DISCURSO DEL MAESTRO VALENCIA SOBRE CALDAS 1910
De: Mario Pachajoa Burbano
Payaneses:
Transcribimos partes del grandioso discurso del Maestro Guillermo
Valencia, quien en
nombre del Concejo Municipal de Popayán pronunció el día 20 de
julio de 1910 al
inaugurarse la estatua del Sabio Caldas, pedida a Europa por la
Comisión Nacional del
Centenario.
"Ha sido comparada la humanidad con un ejército en
movimiento, símil que, si antiguo,
crece en exactitud considerado atentamente . Detrás la misma
línea de marchas angustiadas,
adversas o gloriosas; adelante la vida, pródiga de sonrisas o
fecunda en obstáculos, siempre
varia, siempre impenetrable, indiferente siempre. El mismo turno
incesante de horas negras o
jubilosas que marcan como piedras blancas las gratas efemérides
o señalan con jalones
sombríos los trances de infortunio; y por alma de la vasta
acción y moviéndose a impulso de
las más opuestas corrientes de virtud o maldad, nobleza o
villanía, figuras de hombres a
quienes agigantan su voluntad invicta, su magnanimidad
extraterrestre, y feas layas de
menguados de corazón mezquino y envenenado persamiento."
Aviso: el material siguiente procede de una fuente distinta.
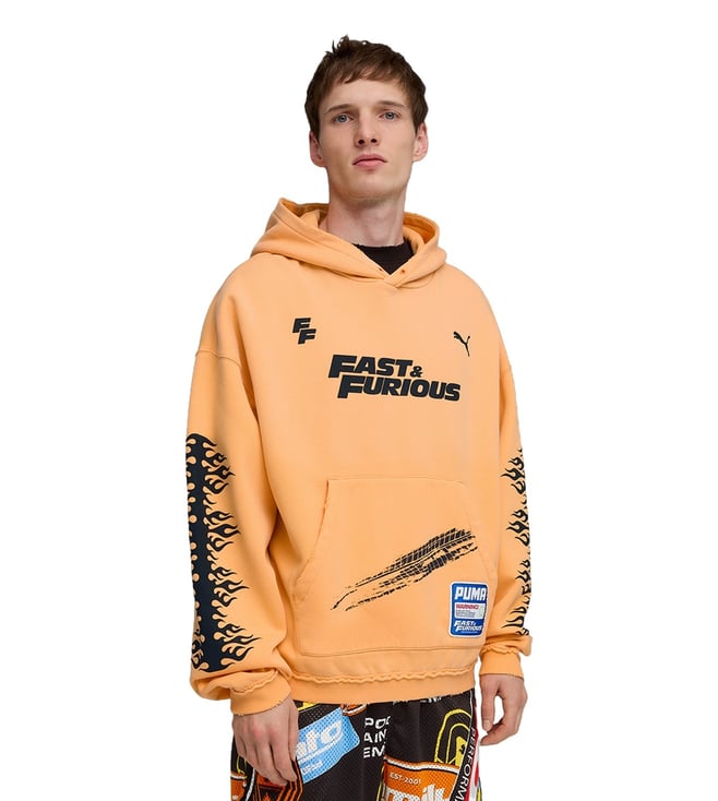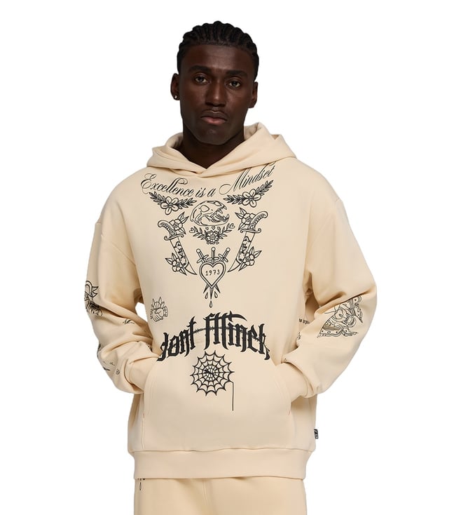 Brown Cotton Loose Fit Logo Printed Sports Hoodie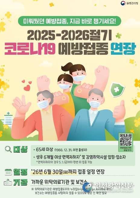[인천광역신문] 최예준 기자 | 서울 서초구는 코로나19 고위험군을 대상으로 이달 30일 종료 예정이던 '’25-‘26절기 코로나19 국가무료 예방접종' 기한을 6월 30일까지 연장한다고 밝혔다.

" Y qué mucho, señores, si esta unidad resplandece en las
grandes transformaciones sociales
de los tiempos modernos, ya que que de la acción humana en todos
sus grados y maneras
participan -mediante el libro, la electricidad y el vapor- todas
las agrupaciones formadas para
conseguir fines varios. Principio que, parcialmente, se cumplió
hace hoy un siglo con el
feliz suceso que estamos celebrando."
"Las grandes revoluciones, a semajanza de aquellos árboles
que dan fruto tardío, niegan a
varias generaciones lo que brndan a otra afortunada: la alegría
de las flores y la pompa del
dorado racimo. Mas en la obra de fructificación entran como
elementos desde el grano
inicial que cayó en el surco propicio, hasta la persecución
oficiosa al insecto voraz, y desde
la protección perseverante contra la inclemencia agostadora,
hasta la provisión oportuna de
los jugos nutricios; y de este modo el árbol que fue plantado en
un lustro es conservado por
otros sucesivos que preparan las pomas de miel."
"Precisaba dar término a un humillante vasallaje,
reagravado por la ignorancia que impuso la
metrópoli a estos países como garantía de fidelidad; urgía
sustituir por un régimen de
libertad la explotación sistemática de las colonias y el
monopolio comercial e industrial por la
Península, origen de malestar y de atraso; se imponía ya abolir
las diferencias humillantes
establecidas en la Corte entre españoles y americanos, y abrir a
la iniciativa e inteligencia de
los hijos de América el vasto campo que se tendía a sus ojos, y
las funciones públicas,
cerradas a su mérito, y reservadas sólo, en su forma lucrativa
u honorífica, para los
hombres de la privanza o de la intriga palaciega."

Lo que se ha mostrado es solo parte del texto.